MASSACHUSETTS: State Attorney General Martha Coakley faces a big fundraising hurdle, the Boston Globe writes. "How big? If $5 million is the goal, she must raise an average of $58,000 every day for the next 86 days. Even if the target is a more modest $3 million, that's $34,000 a day. Coakley has advantages in being the only statewide elected official in the race, but fund-raising is not one of them. Because cash raised for state campaigns cannot be used in a federal election, she started the race with zero money and no federal campaign account before Sept. 3, the date of her campaigns statement of organization. 'I think to reach voters in the state, even in a short period of time, a campaign would have to have between $5 million and $7 million,' said Martin T. Meehan, the former US representative who has more than $4.8 million in his dormant campaign account but declined to enter the race to continue as chancellor at the University of Massachusetts at Lowell."Â
NEW JERSEY: A new Monmouth University/Gannett poll puts Republican nominee Chris Christie eight points ahead of his opponent Jon Corzine, 47%-39%. But Patrick Murray, Monmouth's polling director, says the numbers indicate there is a lot of churning in this electorate. Despite the incumbent's continued unpopularity, there is still a sense that anything can happen. A Quinnipiac University poll released last week had Christie leading by 10. And Christie had led by 14 in the last Monmouth poll. Still, 39% for an incumbent is pretty low.Â
The Philadelphia Inquirer reports that national Democratic and Republican groups have funneled more than $5 million into the New Jersey gubernatorial race. As far as the implications of this year's gubernatorial races in New Jersey and Virginia to the 2010 elections, University of Virginia political science professor Larry Sabato is wary of overstating an effect. He noted that since 1965, only two off-year governors races preceded same-party successes or failures in the midterms.
TENNESSEE: Incumbent Democratic Rep. Steve Cohen, a white Jew who represents a majority African-American district, is receiving another primary challenger from a black Democrat -- and the race is over race. "A Congressional race in Tennessee has become freighted with racial overtones almost a year before the election, with a prominent black politician saying the white incumbent cannot properly represent black voters… The black candidate, former Mayor Willie W. Herenton of Memphis, has argued that Tennessee needs a black voice in its currently all-white delegation."
"'To know Steve Cohen is to know that he really does not think very much of African-Americans,' Mr. Herenton said in a recent radio interview on KWAM. 'He's played the black community well.'"
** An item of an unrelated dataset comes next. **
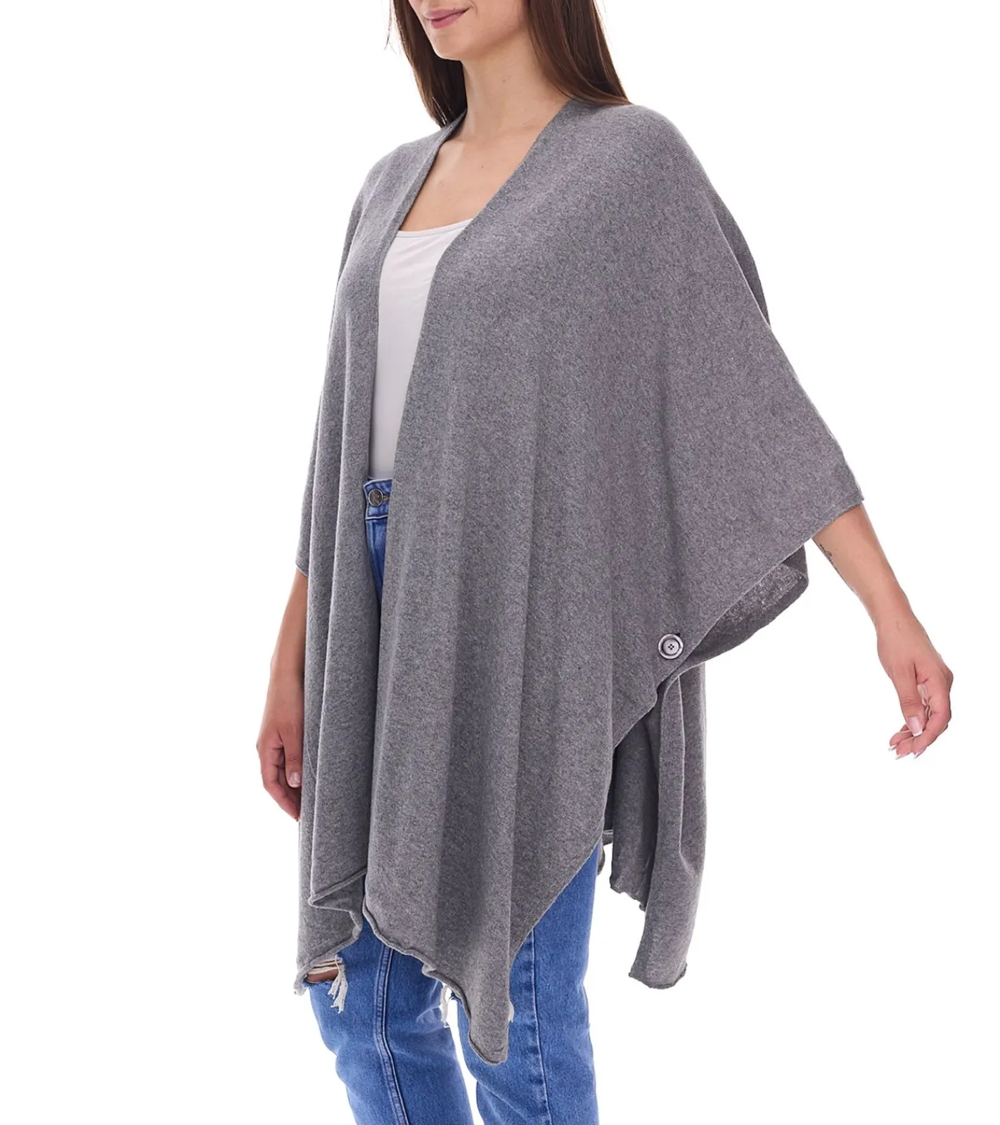 ZWILLINGSHERZ Damen Poncho mit Kaschmir hochwertiges Cape Tunika mit Ärmeln 8029P Grau
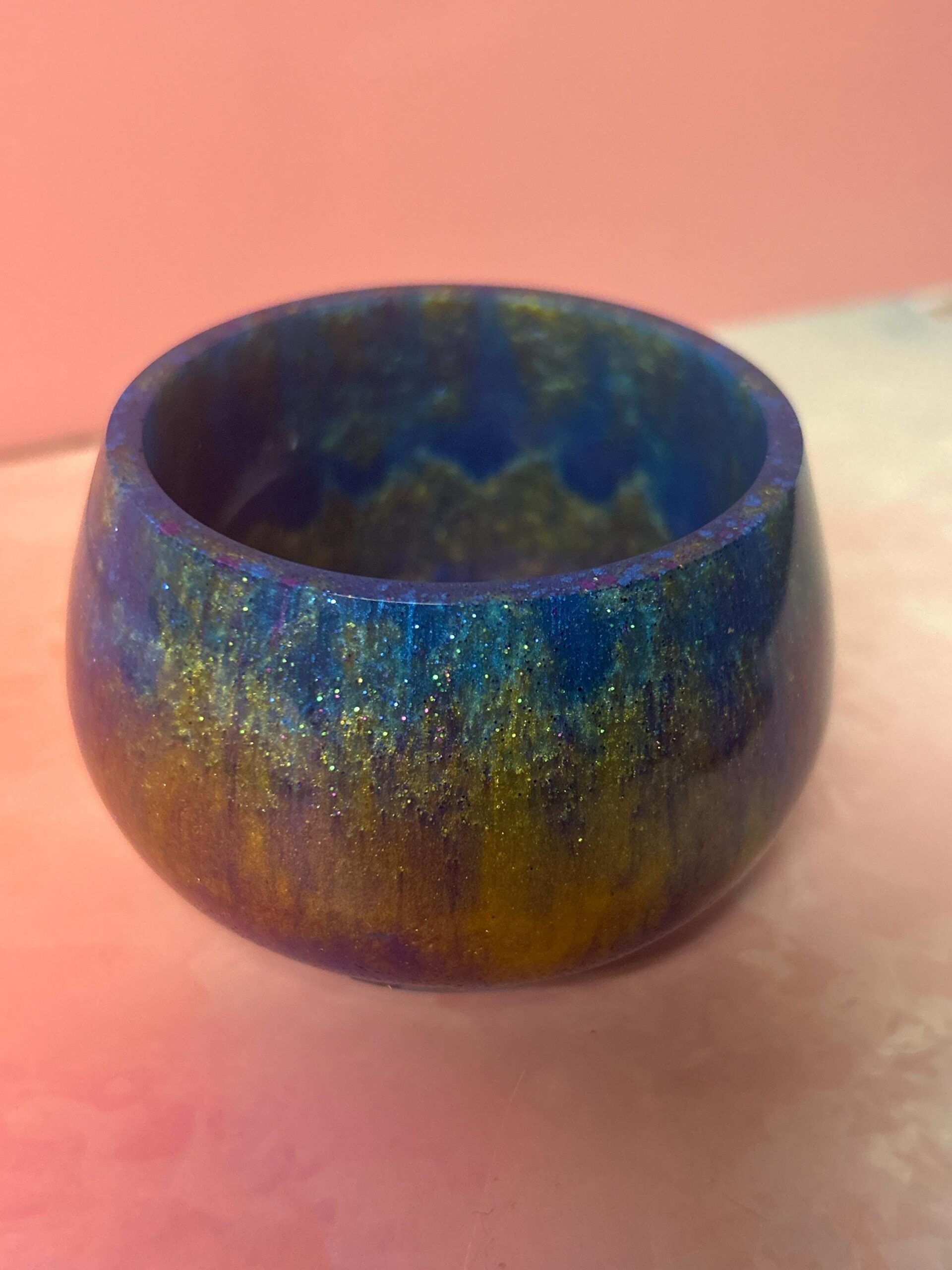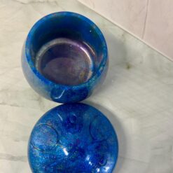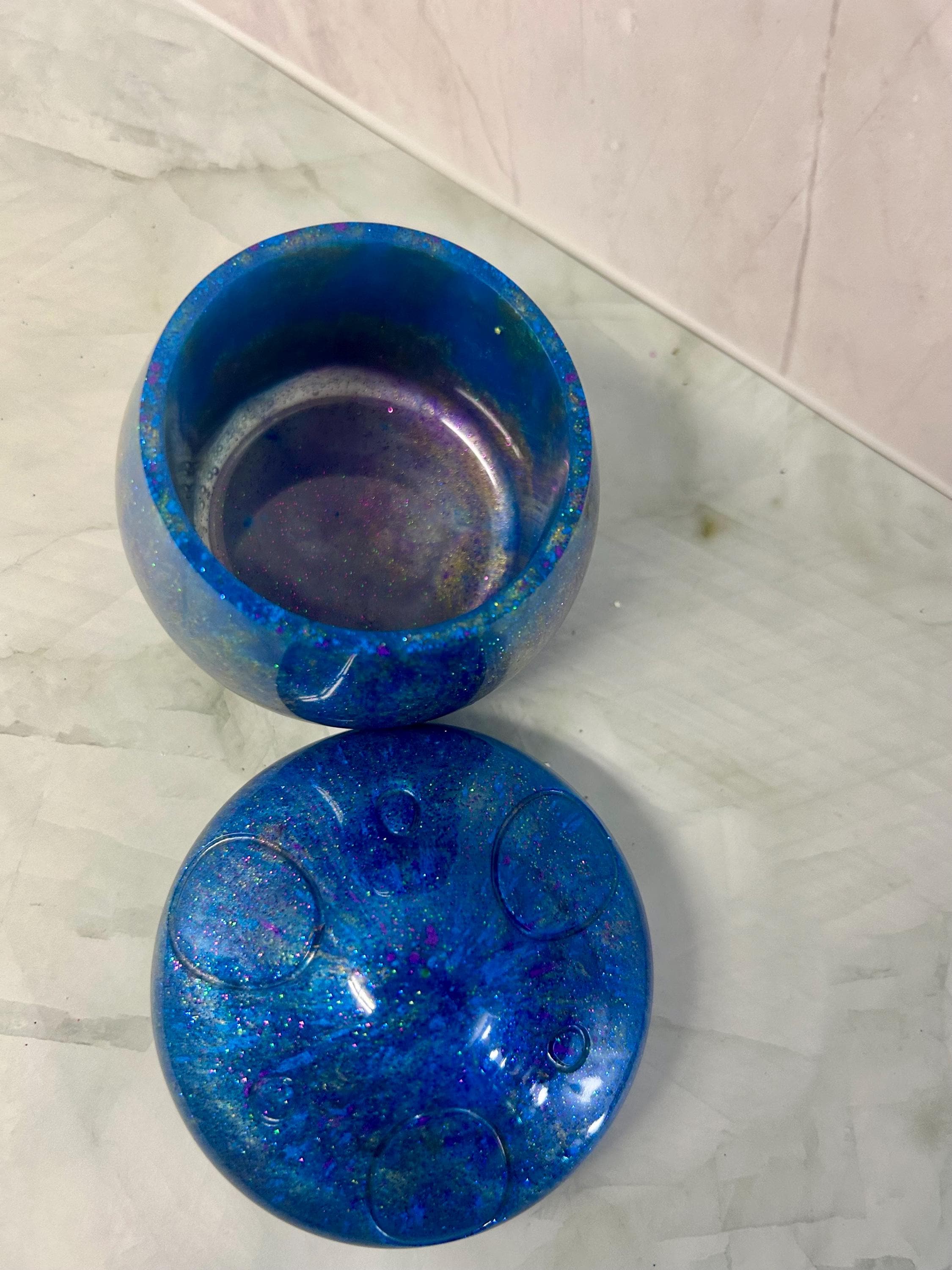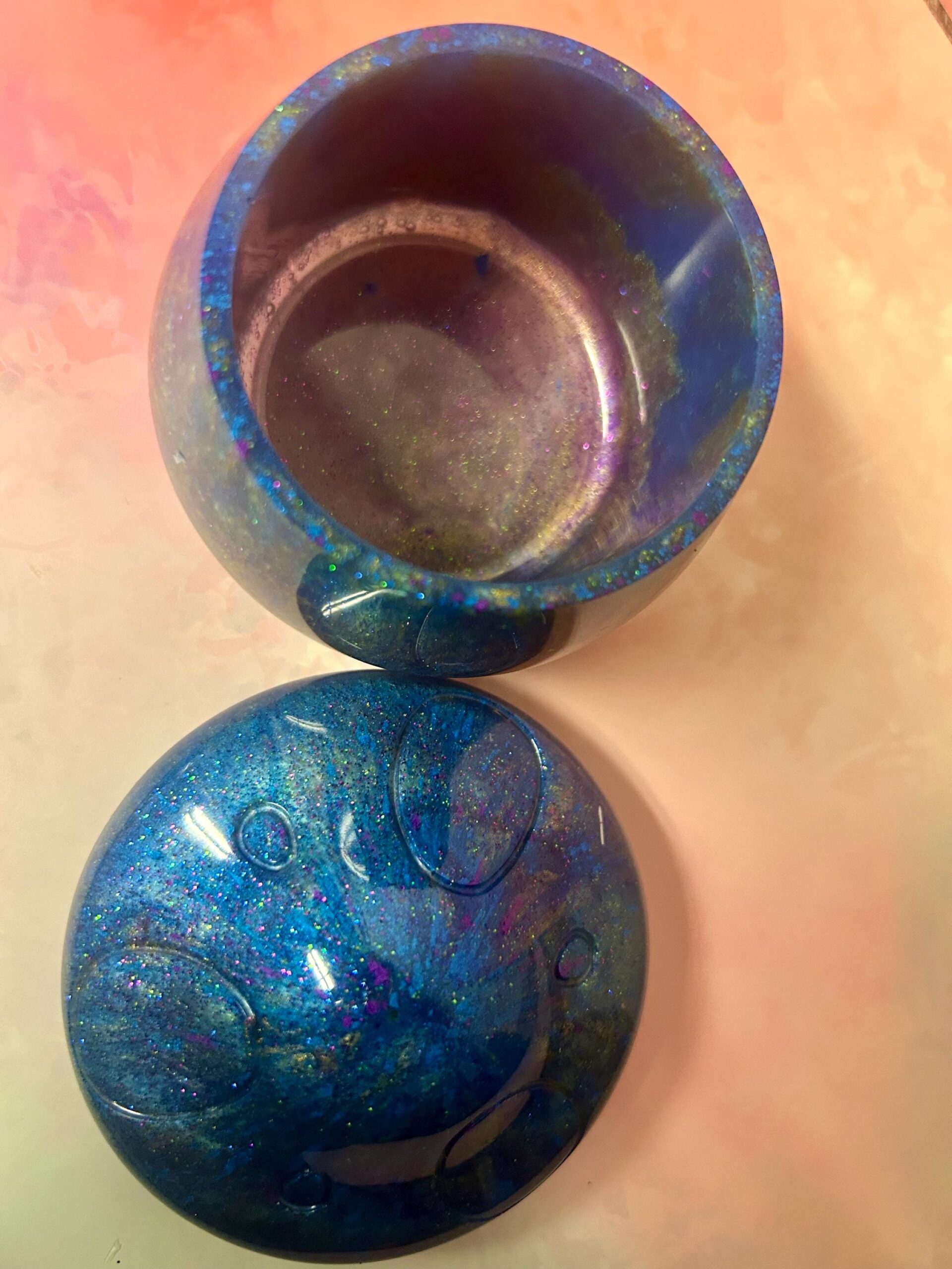 Small Hand made resin trinket jewelry dish with lid. Multi colors: blue purple gold etc

VIRGINIA: Despite Democrat Creigh Deeds' jabs at Bob McDonnell's conservative stances on abortion, homosexuality and working women, Republican Bob McDonnell sidesteps those issues as he tries to stay above the fray, the Washington Post writes. "McDonnell's strategy has proven difficult the past two weeks after the release of the thesis, but the campaign insists it's the right one. Of Deeds strategy, which also includes repeated attempts to tie McDonnell to the policies of George W. Bush, McDonnell said, 'He's talking about former presidents and former governors and divisive social issues'… He's talking about things people don't care about. So why would I engage him?'"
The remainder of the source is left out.